*Your objective*.
Please copy only the material from the line that has "Shirt: Chikankari Shirt" to the very last line, both ends included, exactly as written and without pictures.

*Data*.
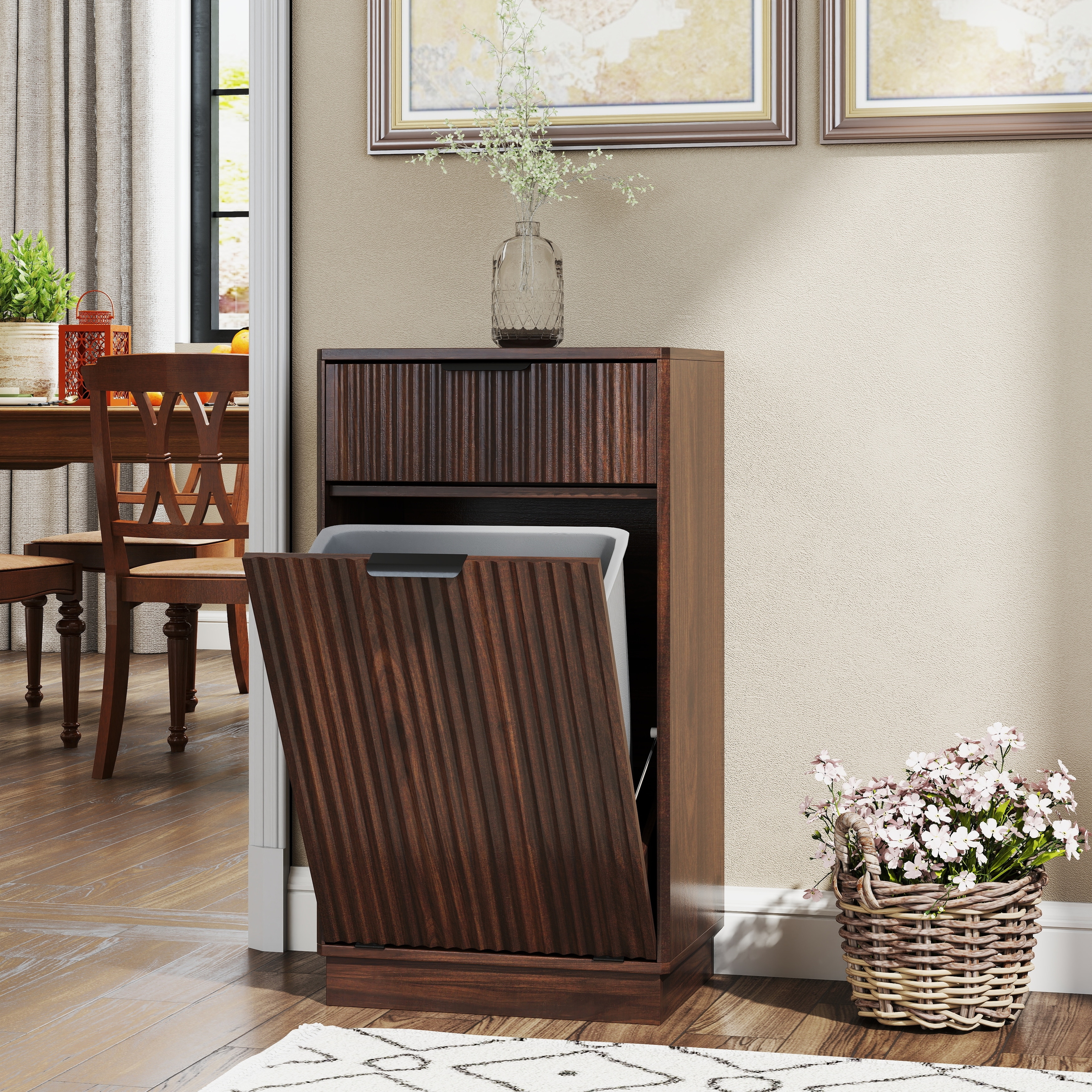 10-Gallon Woodgrain Tilt-Out Trash Can Cabinet, Wooden Recycling Cabinet with Wave-Textured Hideaway Drawer & Pull-Out Bin
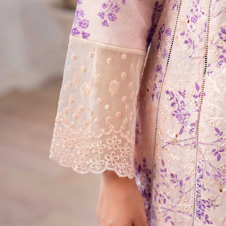 Shirt: Chikankari Shirt with Patch on neckline and sleeves and border of the kameez
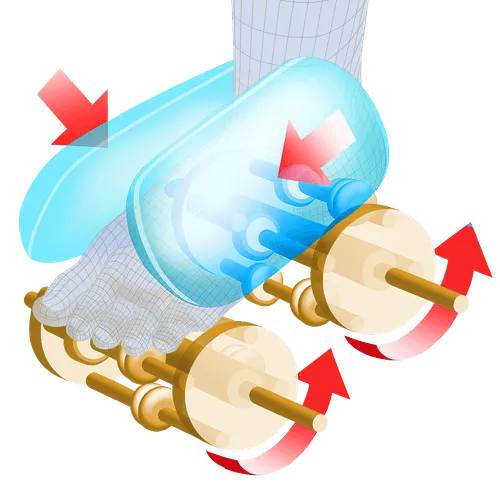 Sous le repose-jambes se cache un mécanisme ingénieux de galets massants. Ces galets exercent des pressions rotatives sur les zones réflexes de la voûte plantaire, stimulant l’organisme tout entier.

*Your solution*.
 Shirt: Chikankari Shirt with Patch on neckline and sleeves and border of the kameez
 Sous le repose-jambes se cache un mécanisme ingénieux de galets massants. Ces galets exercent des pressions rotatives sur les zones réflexes de la voûte plantaire, stimulant l’organisme tout entier.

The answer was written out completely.